Depuis 2010, la Guinée équatoriale a enregistré une baisse de sa production pétrolière de 7,4% en moyenne chaque année, passant ainsi de plus de 300.000 cette année-là à 118000 barils/jour en 2022. Le pays qui tire 90% de ses recettes d'exportation de la rente pétrolière depuis plus de 20 ans a ainsi vu progressivement son économie s'effondrer, atteignant même un taux de croissance du Pib de –5,8% en 2023. Diverses institutions prévoient qu'il reste en récession, avec un taux de croissance négatif d'environ -4,3% en 2024. Mais le gouvernement est engagé dans la mise en place d'une stratégie de redressement à moyen et long termes.
Mi-juin, le ministère des Mines et des Hydrocarbures a annoncé la conclusion entre la compagnie pétrolière publique GEPetrol et le groupe pétrolier américain Chevron, de deux contrats de partage de production (CPP). Ces contrats impliquent que le géant américain du pétrole des opérations d'exploration grandeur nature sur les blocs EG-06 et EG-11, qui disposent d'un potentiel énorme. Selon les autorités du pays, le bloc EG-11 couvre environ 1 242 km². Le bloc EG-06, quant à lui, est situé dans le puits Acestruz-1, dont le forage a commencé en 2017.

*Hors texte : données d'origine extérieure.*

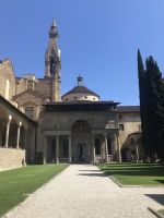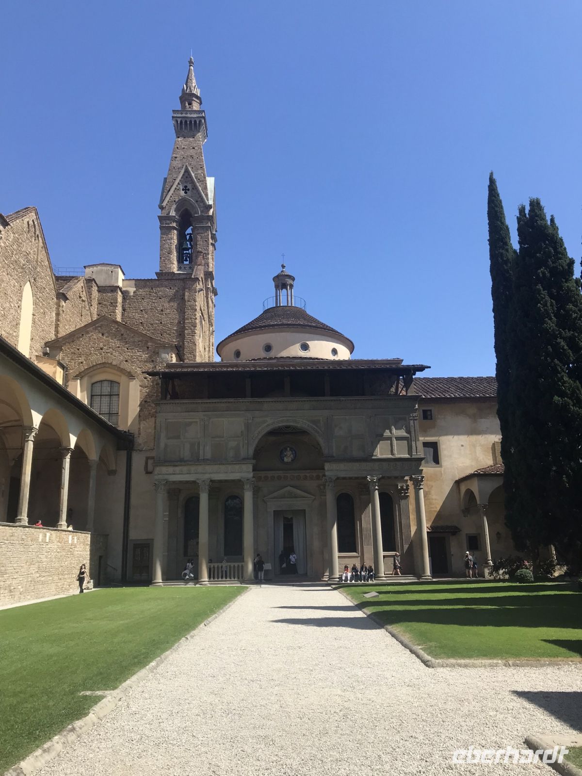 Die Nacht war kurz, die Müdigkeit steckt allen bei der Ankunft am Flughafen in Florenz noch in den Knochen. Doch die Stadt lockt und so starten wir zum ersten Spaziergang. Die Zimmer im Hotel stehen ohnehin noch nicht für uns bereit. Am Bahnhof vorbei, ein Gebäude aus den Dreißigerjahren des vergangenen Jahrhunderts, erreichen wie die weitläufige Piazza Santa Maria Novella. Zwei Obeliske auf Schildkröten gestützt schmücken den Platz, in den Rabatten blühen die ersten Rosen.Die Fassade der Dominikanerkirche mit ihrem weißen und grünen Marmor leuchtet im Sonnenlicht. Ein wunderschöner erster Eindruck. Zur Basilika gehört eine Klosteranlage der Dominikaner. Damals wurden innerhalb der Mauern Kräuter und Heilpflanzen angebaut, die noch heute in der angrenzenden Apotheke verkauft werden. Schon im Vorraum umfängt einen der wohlige Duft der Essenzen. In den geschmackvoll gestalteten Räumen stehen alte Gefäße und Gerätschaften ausgestellt und geben einen Einruck von der Produktion, die die Dominikaner bereits im 13. Jahrhundert begonnen hatten. Der Weg führt uns dann Richtung Arno und vorbei an der Kirche Ogni Santi, die mit ihrer Deckenmalerei, den Bildern von Girlandaio und einem Kruzifix von Giotto begeistet.

Le ministre des Mines et des Hydrocarbures, Antonio Oburu Ondo, explique que la signature de ces contrats de partage de production marque une étape importante dans nos efforts continus pour revitaliser le secteur en amont. « Ce partenariat témoigne de l'engagement de la Guinée équatoriale à améliorer l'exploration et à stimuler la production offshore. Nous pensons que ces investissements entraîneront une résurgence de notre industrie pétrolière et gazière, contribuant ainsi de manière significative à notre économie nationale […] Nous sommes convaincus que le développement des blocs EG-06 et EG-11 ne permettra pas seulement d'accroître la production de pétrole, mais aussi de soutenir nos efforts en matière de sécurité énergétique. Le ministère reste déterminé à créer un climat d'investissement attrayant et à encourager les partenariats qui favorisent la croissance durable et la prospérité en Guinée équatoriale », souligne-t-il.
Outre la prolongation du contrat de Panoro Energy dans le champ de Ceiba jusqu'en 2029 et dans le complexe d'Okume jusqu'en 2034, le gouvernement équato-guinéen a signé d'autres contrats de partage de la production l'année dernière avec cette société (EG-01) et Africa Oil Corp, sur les blocs EG-18 et EG-31. Pour le bloc 27 qui abrite le champ gazier inexploité de Fortuna, l'entreprise publique GEPetrol recherche 3,1 milliards de dollars, soit environ près de 2000 milliards de Fcfa pour développer plus de 3,8 trillions de pieds cubes de gaz en place.